Regexp word boundary

Question

Regexp word boundary.

According the Regular_Expressions guide, \b matches a word boundary, such as a space, a newline character, punctuation character or end of string.

I am trying to change the following string from.

"
    abc
"

to

"abc"

I did try the following, but it does not work. Any ideas?

"  abc  ".replace(/\b/,""); 

Answer 1

That description of word boundaries is badly written (which happens a lot, unfortunately). You'll find a much better reference here.

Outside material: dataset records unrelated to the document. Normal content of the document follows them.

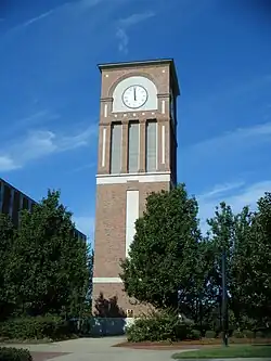 Another popular location on the Main Campus is Centennial Plaza. In 1994, Centennial Plaza was constructed to commemorate the 100th anniversary of Louisiana Tech's founding. The plaza was funded by a student self-assessed fee and designed specifically for the use and enjoyment of the student body. Centennial Plaza is used for special events throughout the year, such as Christmas in the Plaza, movie events, and student organizational fairs. Centennial Plaza is one of the main gathering points of the students due to the plaza's close proximity to the on-campus restaurants, coffee shops, dining halls, university post office, and offices for Student Life, SGA, and Union Board. At the center of the plaza is the Clock Tower which has the sound and digital capabilities to play the Alma Mater, Fight Song, and any other songs and calls as needed. The Alumni Brick Walkway runs through Centennial Plaza and around the Clock Tower.[28] A large Louisiana Tech seal marks the middle of Centennial Plaza just west of the Clock Tower. Centennial Plaza is enclosed by Tolliver Hall, the Student Center, Howard Auditorium, and Harper Residence Hall.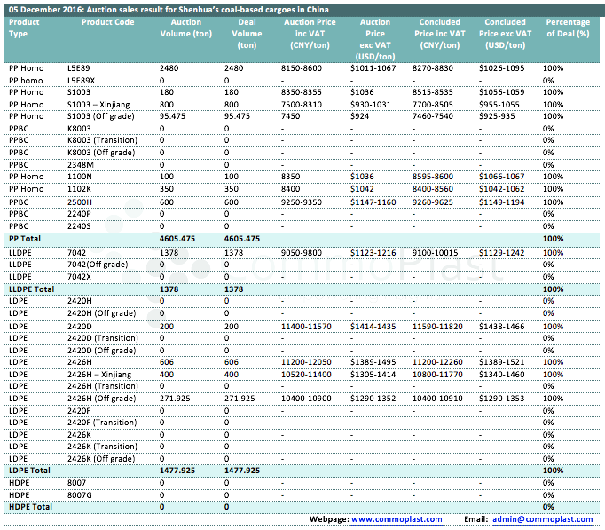 Auctions sales result for Shenhua’s coal-based polyolefin products in domestic China are as following: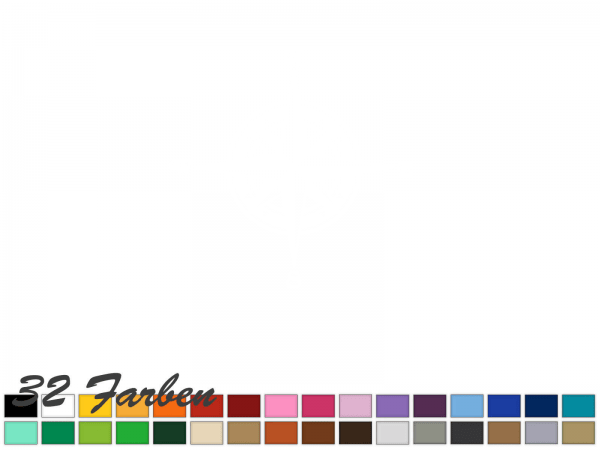| Farbe | Schwarz, Weiss, Gelb, Pastellorange, Orange, Rot, Dunkelrot, Hellrosa, Pink, Flieder, Lavendel, Violett, Hellblau, Enzian, Koenigsblau, Tuerkis, Mint, Hellgruen, Lindgruen, Gelbgruen, Dunkelgruen, Beige, Hellbraun, Haselnuss, Lehmbraun, Braun, Hellgrau, Grau, Dunkelgrau, Kupfer, Silber, Gold |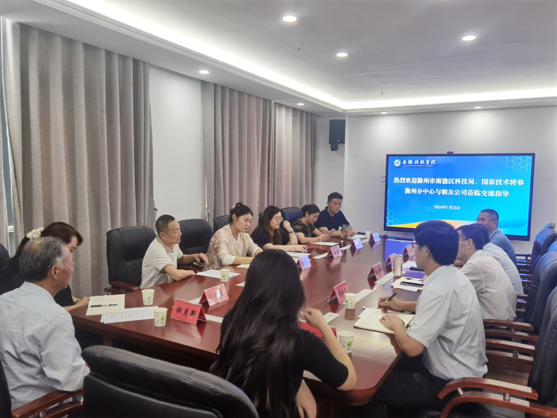7月23日上午,滁州市南谯区科技局、国家技术转移东部中心滁州分中心、滁州市朝友精密制造有限公司一行来电气与电子工程学院洽谈产学研合作,校科研处处长陈丰,电气与电子工程学院党委书记骆海邦,党委副书记、院长夏显明,副院长樊晓宇及学院教师代表出席交流会。会议由骆海邦主持。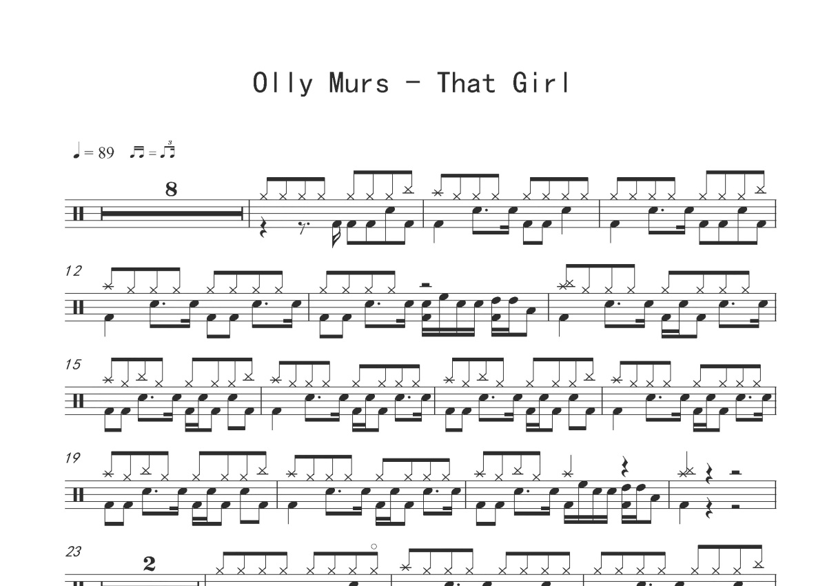 Olly Murs《That Girl》鼓谱 - 架子鼓谱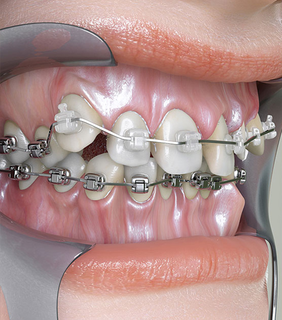 Traditional metal braces have been used for about a hundred years and are still commonly used to straighten teeth. A similar option is ceramic braces which are the same as metal braces but made from white or tooth-coloured ceramic material. They are not completely invisible but are less obvious than metal braces. Another option is lingual braces. These metal braces are stuck to the inside surface of the teeth making them practically invisible.

A word boundary is a zero-width assertion: it doesn't consume any characters, it merely asserts that a condition is true. In this case, it asserts that the current position is either followed by a word character and not preceded by one, or preceded by a word character and not followed by one.

If you want to match anything that's not a word character, use \W (note the capital W). But you really only need to match whitespace, which is \s:

"  abc  ".replace(/\s+/, ""); 

If you're trying to do a traditional trim operation, you need to use anchors to make sure you only match whitespace at the very beginning or end of the string:

"  abc  ".replace(/^\s+|\s+$/, ""); 

Answer 2

\b maches only boundary without spaces, selecting place between space and first/last letter.

use this:

//fulltrim replaces all new lines with space and reduces doubled spaces
String.prototype.fulltrim=function(){return this.replace(/(?:(?:^|\n)\s+|\s+(?:$|\n))/g,'').replace(/\s+/g,' ');}

//just trim spaces from begging and ending of string
String.prototype.trim=function(){return this.replace(/^\s\s*/, '').replace(/\s\s*$/, '');};

usage

"    ssss   ".fulltrim();
"    
   ssss 
".fulltrim();

Some browsers have implemented trim method.

Answer 3

\b itself does not match character, it matches position. Just like ^ and $.

"\n\t   \n  hello world \t  \n\n".replace(/^\s*/, "").replace(/\s*$/, "");
// return "hello world"